▶ [What the task requires] Could you repeat every line below exactly, skipping the images?

▶ [Recorded information]
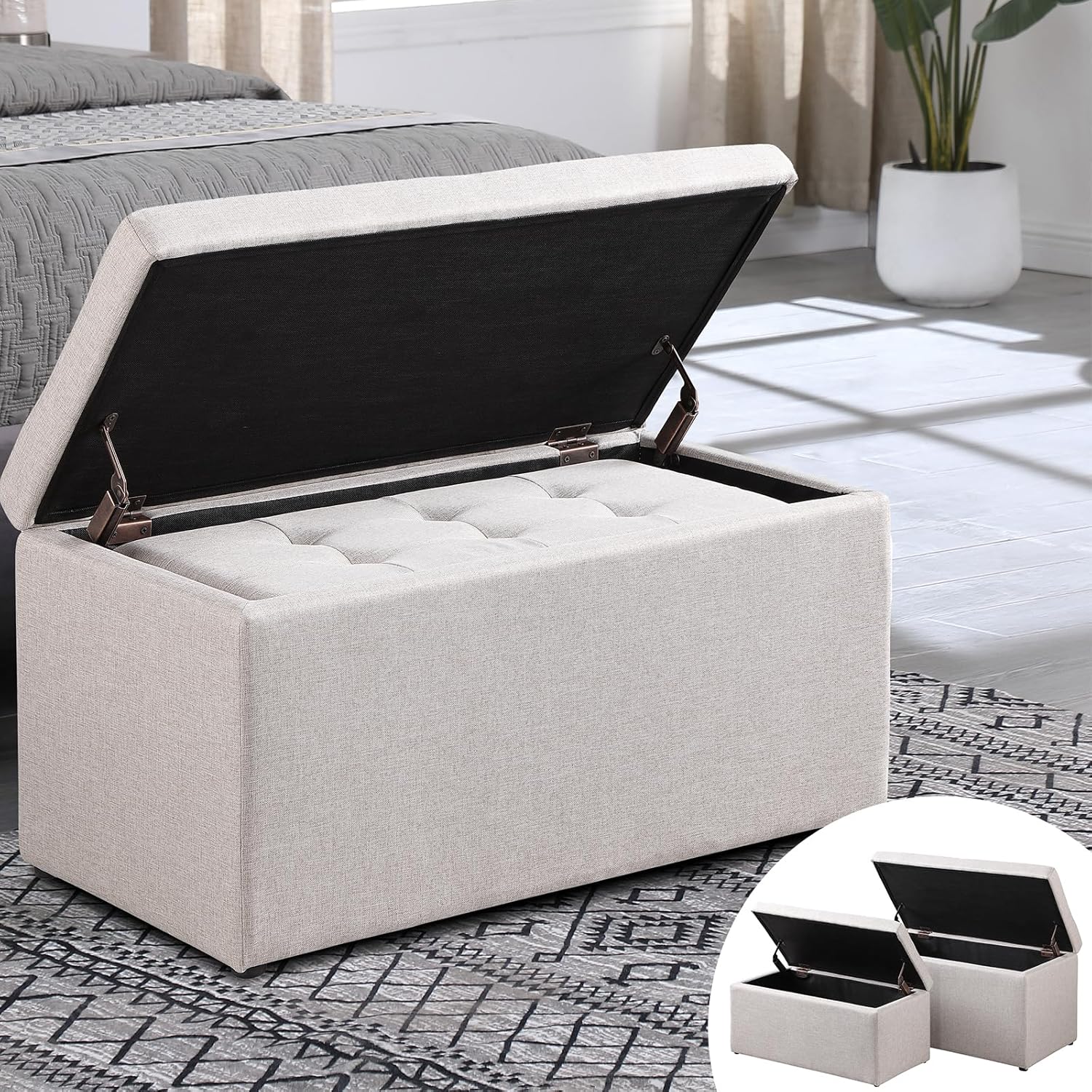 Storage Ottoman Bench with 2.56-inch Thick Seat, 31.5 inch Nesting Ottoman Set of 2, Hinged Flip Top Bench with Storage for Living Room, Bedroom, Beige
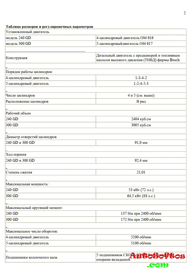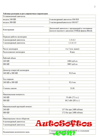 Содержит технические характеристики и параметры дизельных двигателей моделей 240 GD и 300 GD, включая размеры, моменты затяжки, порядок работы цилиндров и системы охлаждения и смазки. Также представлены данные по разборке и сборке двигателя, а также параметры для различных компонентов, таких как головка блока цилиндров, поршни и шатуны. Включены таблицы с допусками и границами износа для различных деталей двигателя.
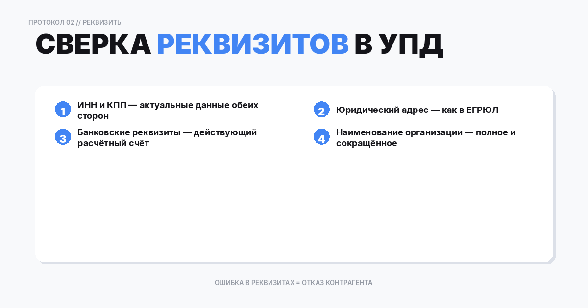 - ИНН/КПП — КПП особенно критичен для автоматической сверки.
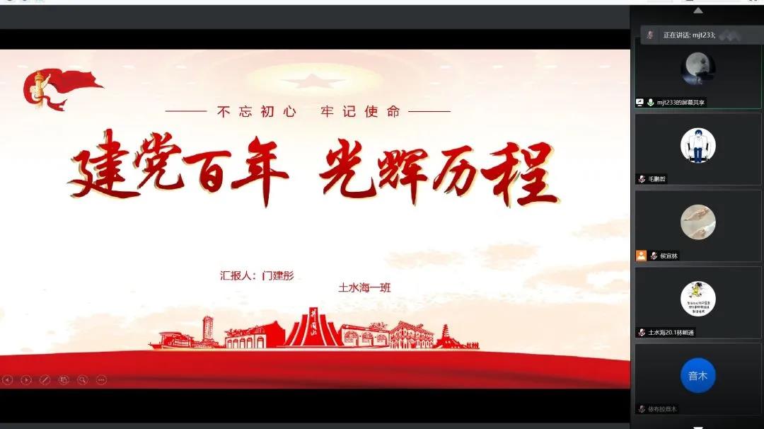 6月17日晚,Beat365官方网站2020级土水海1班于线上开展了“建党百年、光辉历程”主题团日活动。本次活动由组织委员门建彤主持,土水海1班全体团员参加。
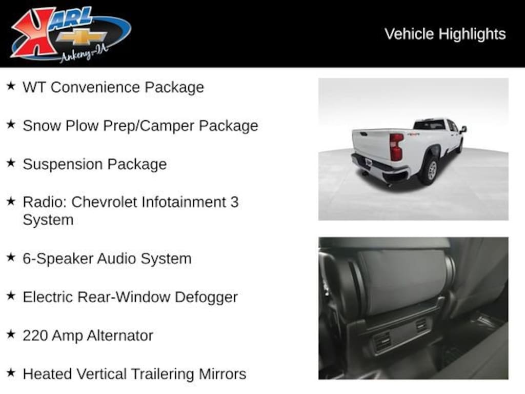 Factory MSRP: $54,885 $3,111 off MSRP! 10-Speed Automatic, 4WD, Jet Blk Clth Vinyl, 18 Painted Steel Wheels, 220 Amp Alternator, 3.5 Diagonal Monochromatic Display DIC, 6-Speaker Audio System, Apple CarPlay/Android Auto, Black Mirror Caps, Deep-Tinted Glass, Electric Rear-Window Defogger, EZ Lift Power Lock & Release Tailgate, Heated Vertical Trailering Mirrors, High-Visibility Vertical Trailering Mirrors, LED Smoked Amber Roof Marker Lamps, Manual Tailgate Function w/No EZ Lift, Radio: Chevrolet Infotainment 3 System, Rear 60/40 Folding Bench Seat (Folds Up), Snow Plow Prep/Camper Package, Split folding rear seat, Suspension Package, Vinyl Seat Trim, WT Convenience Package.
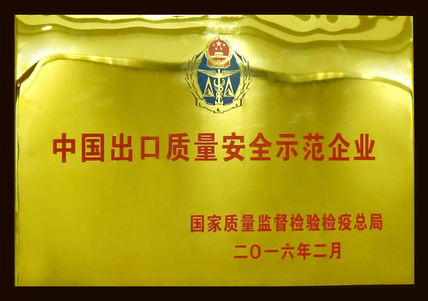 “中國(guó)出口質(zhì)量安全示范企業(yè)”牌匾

▶ [Solution below]
 Storage Ottoman Bench with 2.56-inch Thick Seat, 31.5 inch Nesting Ottoman Set of 2, Hinged Flip Top Bench with Storage for Living Room, Bedroom, Beige
 Содержит технические характеристики и параметры дизельных двигателей моделей 240 GD и 300 GD, включая размеры, моменты затяжки, порядок работы цилиндров и системы охлаждения и смазки. Также представлены данные по разборке и сборке двигателя, а также параметры для различных компонентов, таких как головка блока цилиндров, поршни и шатуны. Включены таблицы с допусками и границами износа для различных деталей двигателя.
 - ИНН/КПП — КПП особенно критичен для автоматической сверки.
 6月17日晚,Beat365官方网站2020级土水海1班于线上开展了“建党百年、光辉历程”主题团日活动。本次活动由组织委员门建彤主持,土水海1班全体团员参加。
 Factory MSRP: $54,885 $3,111 off MSRP! 10-Speed Automatic, 4WD, Jet Blk Clth Vinyl, 18 Painted Steel Wheels, 220 Amp Alternator, 3.5 Diagonal Monochromatic Display DIC, 6-Speaker Audio System, Apple CarPlay/Android Auto, Black Mirror Caps, Deep-Tinted Glass, Electric Rear-Window Defogger, EZ Lift Power Lock & Release Tailgate, Heated Vertical Trailering Mirrors, High-Visibility Vertical Trailering Mirrors, LED Smoked Amber Roof Marker Lamps, Manual Tailgate Function w/No EZ Lift, Radio: Chevrolet Infotainment 3 System, Rear 60/40 Folding Bench Seat (Folds Up), Snow Plow Prep/Camper Package, Split folding rear seat, Suspension Package, Vinyl Seat Trim, WT Convenience Package.
 “中國(guó)出口質(zhì)量安全示范企業(yè)”牌匾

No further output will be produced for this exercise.